A list of all part types is shown in Figure 7. Parts that are not already available are cloned as described (see Basic Protocol 4). Some are already available for plants (MoClo Plant Parts Kit, Addgene, kit #1000000047), Chlamydomonas (https://www.chlamycollection.org/product/moclo-toolkit/; Crozet et al., 2018), and cyanobacteria (http://www.addgene.org/browse/article/28196941/; Vasudevan et al., 2019).

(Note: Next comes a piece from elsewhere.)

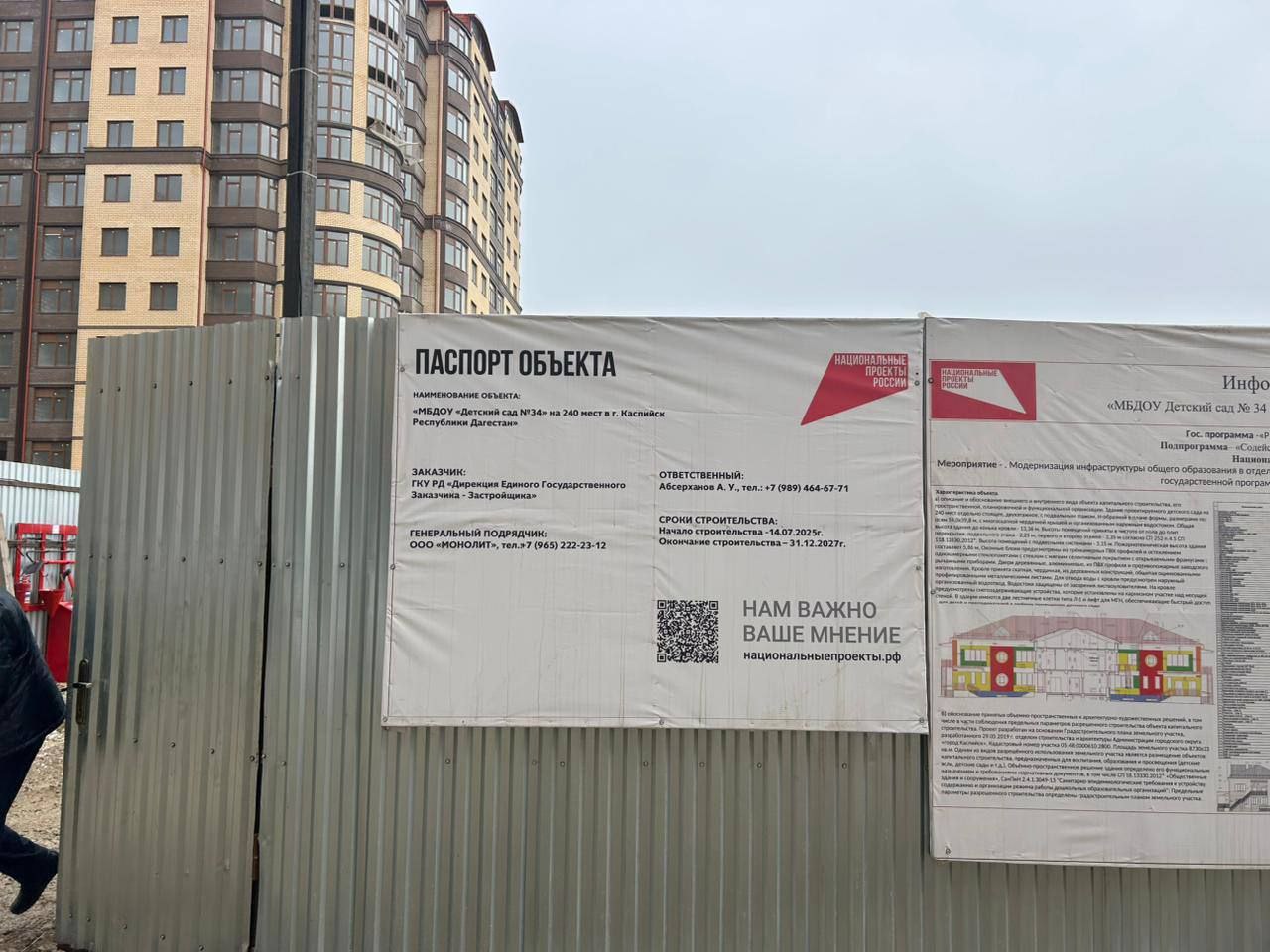 Глава Каспийска проинспектировал строительство нового детского сада на улице Кавказской
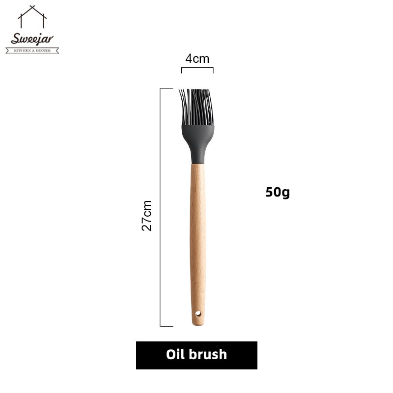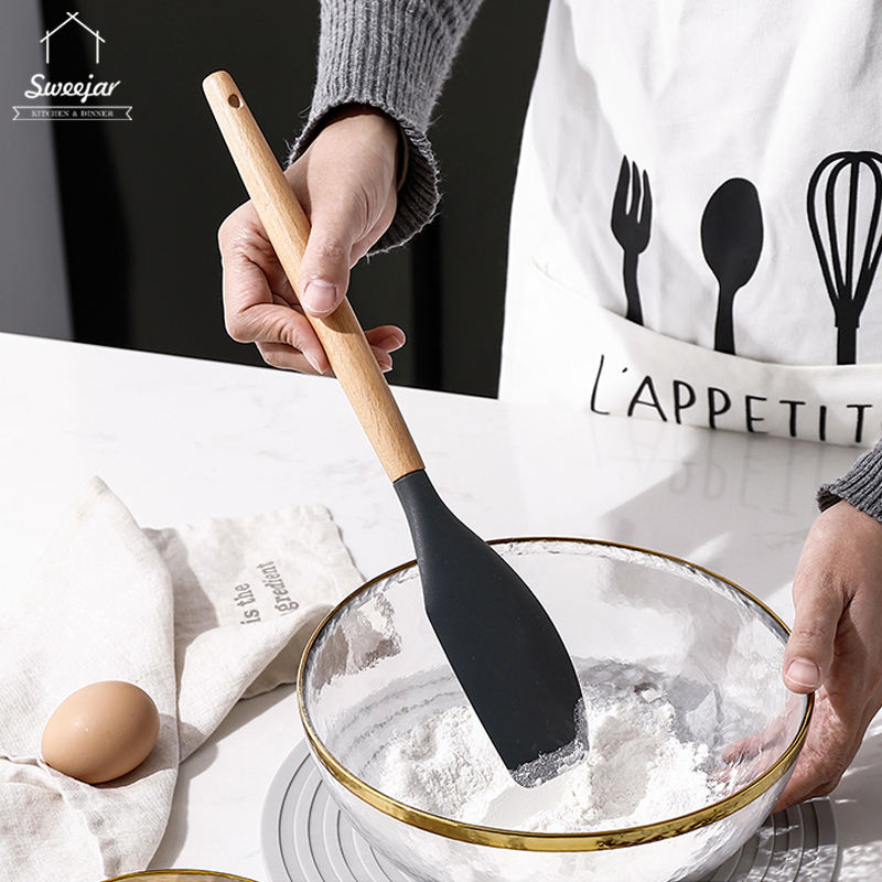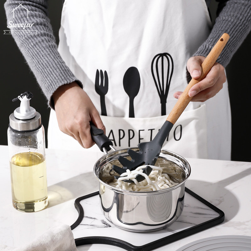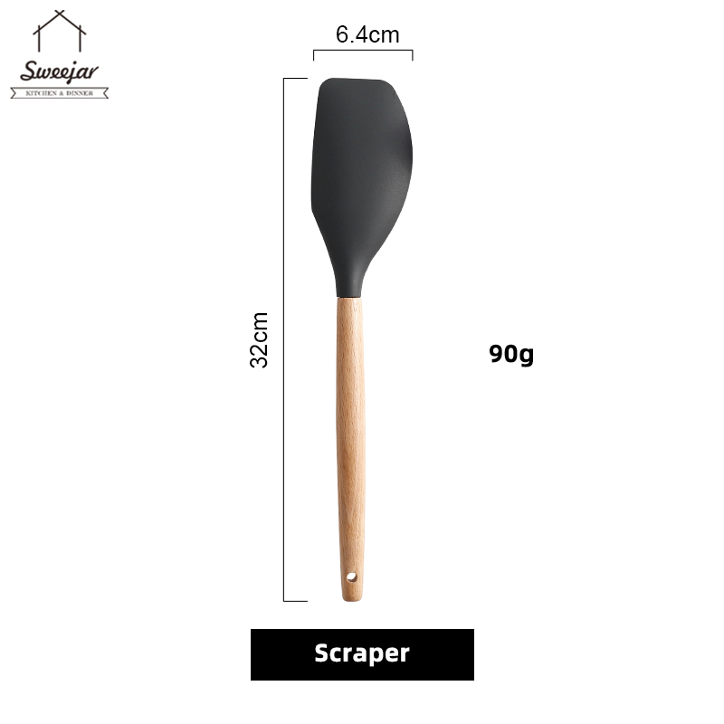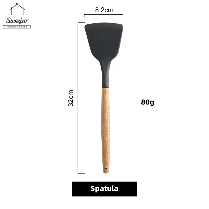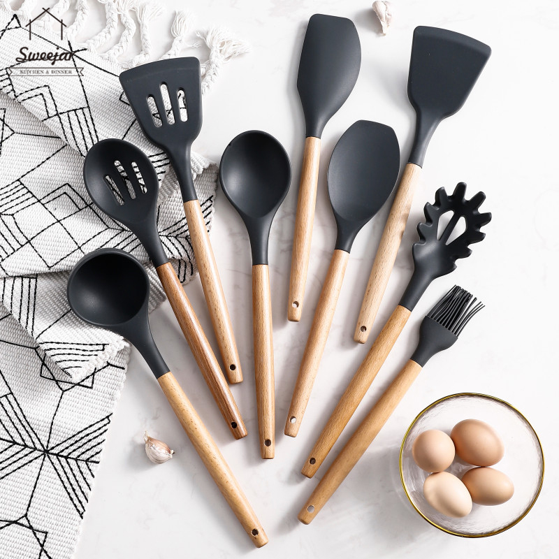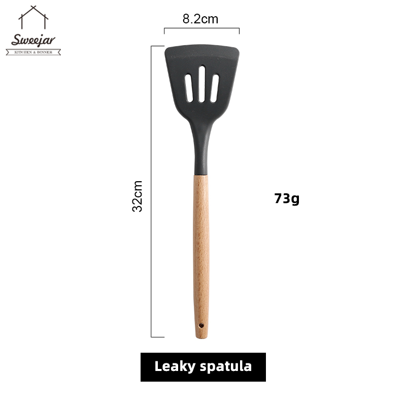 Sweejar wooden silicone kitchenware set cooking spoon shovel spatula soup colander

2. Select level 1 destination vectors.
Fourteen level 1 vectors are available: seven for cloning a transcription unit in the forward orientation in seven different positions in the final construct, and seven for the reverse orientation (Fig. 13A). All contain two BsaI sites and the fusion sites GGAG and CGCT to provide compatibility with level 0 modules. They also contain two BpiI sites for excision of the assembled transcription unit in the next step of assembly. The BpiI fusion sites are designed to provide compatibility from one vector to the next. In an example where four transcription units are cloned in the forward orientation, vectors for positions 1 to 4 for the forward orientation (pL1F-1, pL1F-2, pL1F-3, and pL1F-4) are selected.
The BpiI fusion site at the end of vector 7 (TGCC) is the same as the site at the beginning of vector 1, allowing one to clone more than seven genes in a multigene construct by reusing the same seven vectors indefinitely. Thus, an eighth transcription unit is cloned using vector 1, a ninth transcription unit is cloned using vector 2, and so on (Fig. 13C).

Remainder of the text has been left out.